Ursula K. Le Guin; Gölgelerin Gücü Adına

Ursula K. Le Guin‘in Kadınlar Rüyalar Ejderhalar isimli kitabında dil çok sade, çok kolay, neredeyse konuşur gibi. Açık ve seçik her şey. Ama çok düşündürücü.

Kendilik problemi… Evet, geçen ayki yazımın başlangıcı da böyle başlamıştı. İnsanı anlamak, gerçek derinliklerine inmek ve kendilik problemi. Gittikçe kendimizden uzaklaşıp, birbirimize daha çok benzediğimiz, neredeyse aynılaştığımız bu dünyada nasıl özgürce kendimiz oluruz? Foucault’nun iktidarın ve modernitenin bizim benlik bilgimizi nasıl şekillendirdiği üzerine olan Hermenötiğin Kökeni adlı kitabından geçen yazımda bahsetmiştim. Yalnız Foucault değil birçok yazar ve düşünür modern bireyin maskesini sıyırmak ve gerçek kendisi olması için yıllardır teorik ve pratik yöntemlerle dur durak bilmeksizin düşünüyor, yazıyor, çiziyor. Ancak her çözümleme ile daha da karmaşıklaşan insan şimdilerde tam bir kaosun içinde daha yalnız, daha çaresiz ve daha mutsuz. Neden daha mutlu olamıyoruz? Nerede hata yapıyoruz? Neden gittikçe etrafımızdaki boşluklar artıyor? Dedim ya taktım bu kendilik problemine. Bu konuda okumalara devam ettim. Bu sefer karşıma Ursula K.Le Guin çıktı. İnsana çok yakından bakan bir yazar Le Guin. Foucault gibi insanın bir başka insanla veya toplumla olan iktidar ilişkisine değil insanın kendi içindeki kendine bakıyor ve egonun bilinçdışına olan iktidarından ve dolayısı ile kendiliğin nasıl parçalandığını ve insanın kendine nasıl yabancılaştığından bahsediyor Kadınlar Rüyalar Ejderhalar isimli kitabındaki denemelerinde. Ayrıca şunu söylemeliyim ki, dili çok sade, çok kolay, neredeyse konuşur gibi. Açık ve seçik her şey. Ama çok düşündürücü.
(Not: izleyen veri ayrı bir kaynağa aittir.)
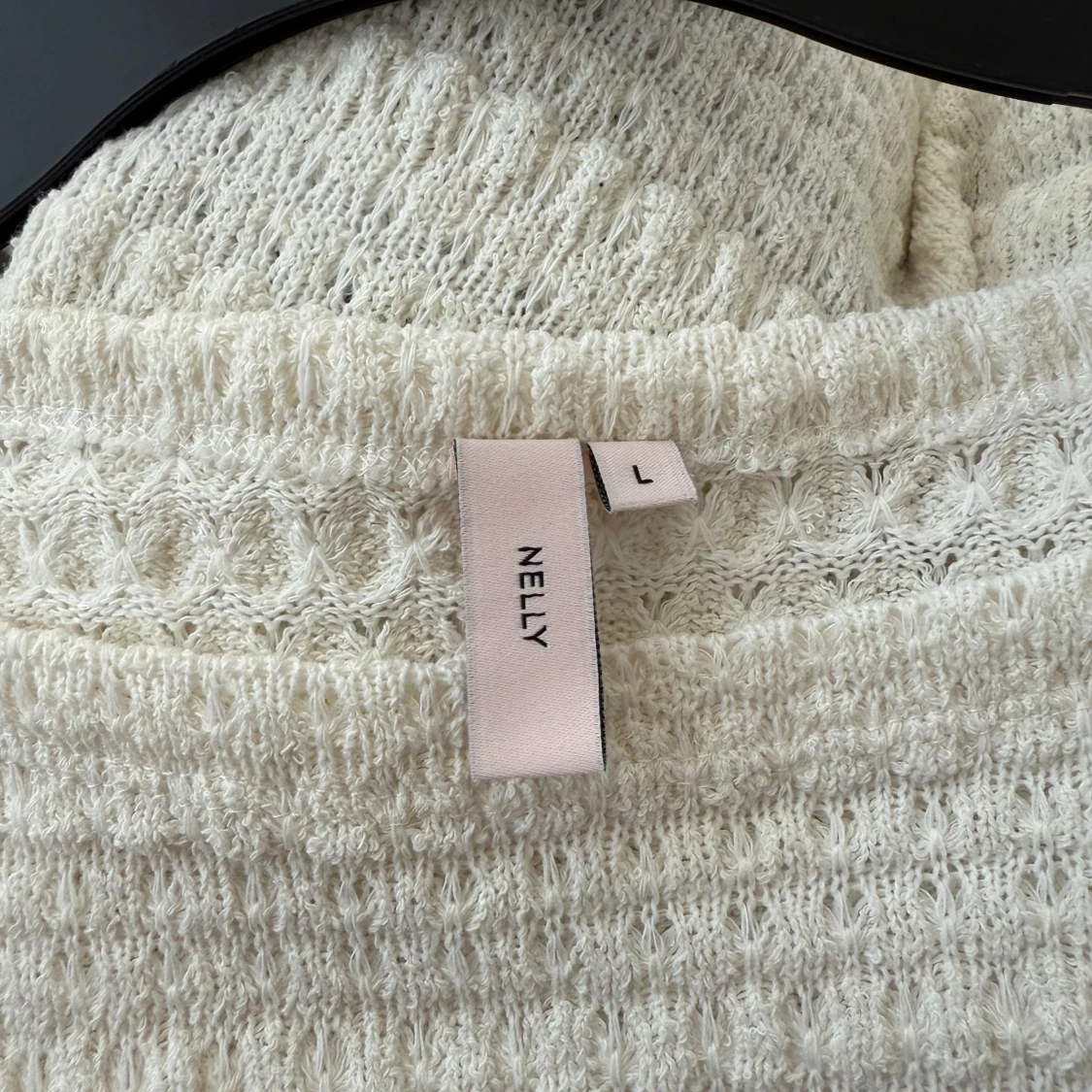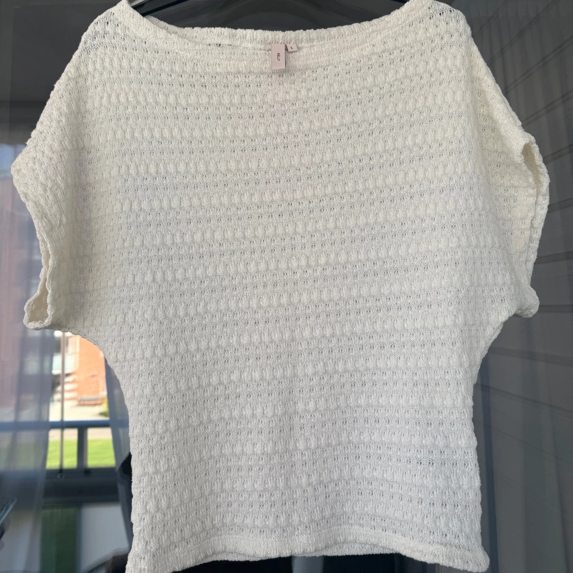 Superfin virkad offwhite/beige topp. Mindre i storlek jämfört med deras "Stunning Structure Tee", så skulle säga att den passar bättre en i storlek M om inte till och med en S. Säljs då den ej passar mig, har enbart provats och tvättats ren efter inköp. Garanterat hel & fin! 😍🙌🏼

Çocuk ve Gölge isimli deneme. Toplam on iki sayfalık bir metin. Bitirdiğinizde gölgenize gülümsüyorsunuz. Ama ne gülümseme! Çoğu zaman görmezden geldiğimiz, çoğu kere yok saydığımız ve hatta bazen farkında bile olmadığımız o karanlık bulanık çoğu zaman parçalanmış, gizemli benliğimiz, gölgemiz. Egonun hiç sevmediği. Sakat çirkin hastalıklı kardeş. Dostoyevski’nin Raskolnikov’u Okuma bittiğinde karşınızda oturuyor ve siz ona gülümsüyorsunuz. Ursula K. Le Guin bu denemesine Andersen’den bir masal ile başlamış. Önce gölgesini kaybeden sonra da bulup onun hakimiyeti altına giren zavallı bir adamın tuhaf öyküsü. Bütün masallar bu masaldaki gibi gerçek üstüdür ama aynı zamanda gerçeğin ta kendisidir. Fantastik gerçek. Masaldaki adam gibi gölgeni kaybetme. Onun bilincinde ol ve onu önemse. Yok saymak boşuna. Mutlu olmak için onu kabullenmek ve barışmak zorundayız.
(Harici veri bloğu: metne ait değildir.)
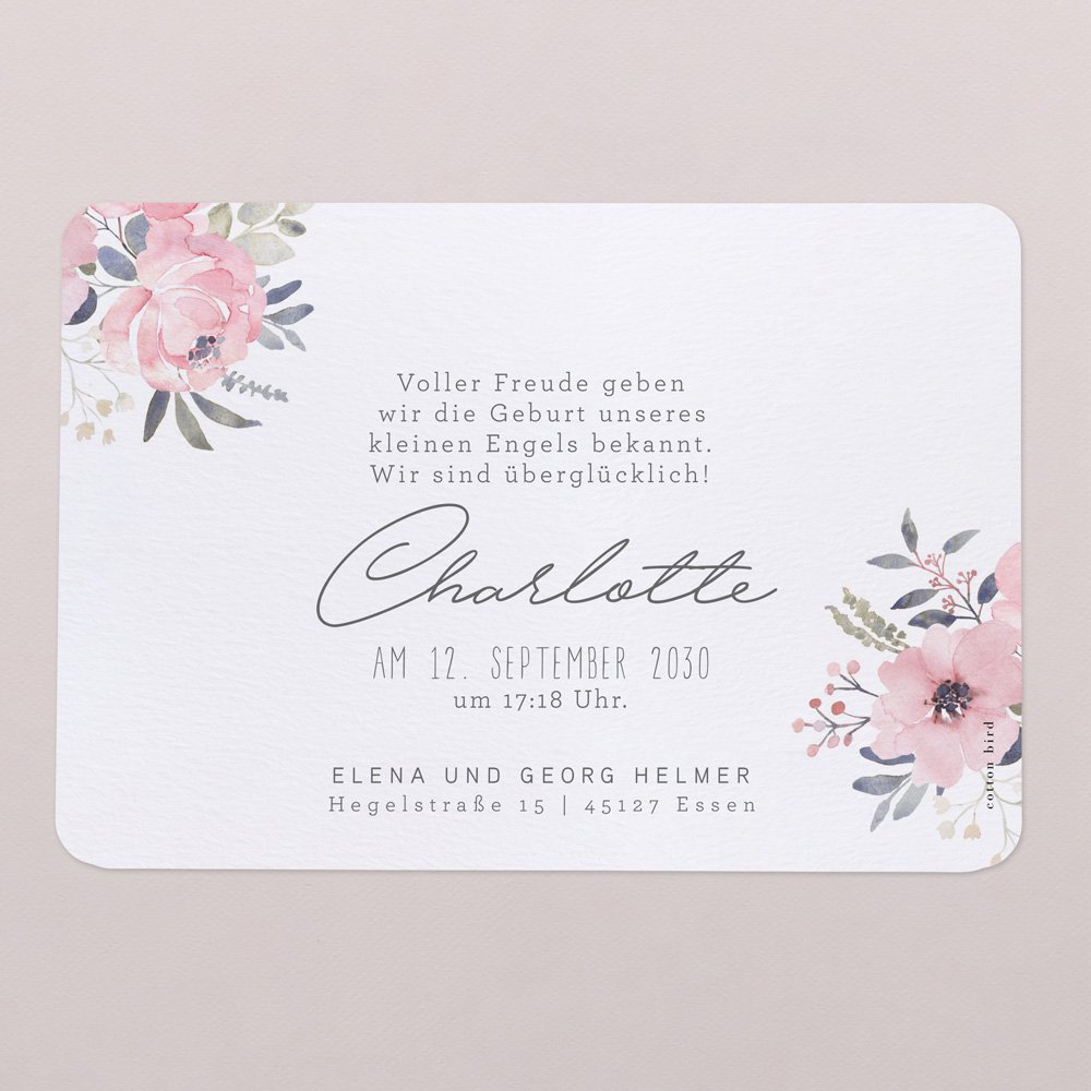 Schlicht und schön - diese große Geburtskarte im Querformat hat weich abgerundete Ecken und ist beidseitig personalisierbar.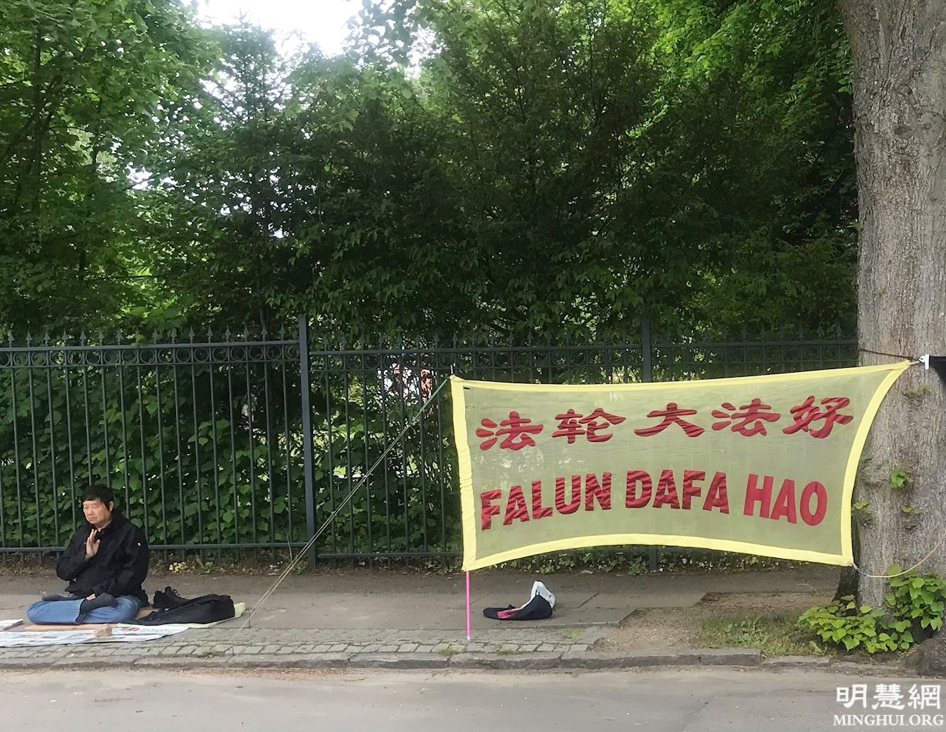 | 【明慧网二零二一年七月十六日】(明慧记者舒慧丹麦报道)十八年前的一天,年轻的中国女子小颖怀抱着不满周岁的女儿走进丹麦哥本哈根中使馆,为孩子办理护照手续。递交材料后,使馆经办人问:“你丈夫是干什么的?”她回道:“在外头坐着的那个就是。”看到使馆大厅里摆放的污蔑法轮功的资料,她说:“你们这些资料都不是真的,你们还敢往这放?” 小颖指的“外头坐着的”,就是在中领馆前静坐着,前来表达“停止迫害法轮功”诉求的丹麦法轮功学员,其中有小颖的丈夫朱学智先生。十八年过去了,现在每个工作日,法轮功学员依然前来静静地表达他们的诉求。朱先生和其他法轮功学员为什么选择在中领馆前静坐?十八年里他们都经历了什么呢?  图1:朱学智先生在中使馆前表达必须停止迫害法轮功的诉求 |

Le Guin’in kitaptaki bir diğer metni Amerikalılar Ejderhalardan Neden Korkar? Çok ilginç bir başlık. Ejderhalardan kim korkmaz ki? Le Guin bu denemesinde  şöyle ifade ediyor bunu :

“Amerikalıların ejderhadan neden korktuğunu anlamaya çalışırken gördüm ki, birçok Amerikalı sadece fanteziye değil kurmacaya da karşı. Biz Amerikalılar hayal ürünü olana şüpheli ve aşağılık bir şey olarak bakmak eğilimindeyiz.“

“karım roman okur, benim hiç vaktim yok öyle boş şeylerle uğraşmaya”

“Gençken o bilimkurgu denilen zamazingoyu okurdum şimdi okumuyorum tabii”

“Peri  masalları  çocuk işi, ben gerçek dünyada yaşıyorum”

Kitabın bu cümleleri ne kadar tanıdık değil mi? Hatta ikinciye ben ilave yaptım. Oysa hayal gücünün olmadığı bir dünyada yaşamak ancak robotlara özgü olmalı.

Ursula Le Guin’in kitaptaki sadece bu iki metni bile hayatı anlamak ve kavramak daha da önemlisi kendimize biraz daha yaklaşmak için yeterli. Bu kaosun ortasında daha mutlu olmak kim istemez ki? Bu nedenle şiddetle tavsiye ediyorum okumanızı.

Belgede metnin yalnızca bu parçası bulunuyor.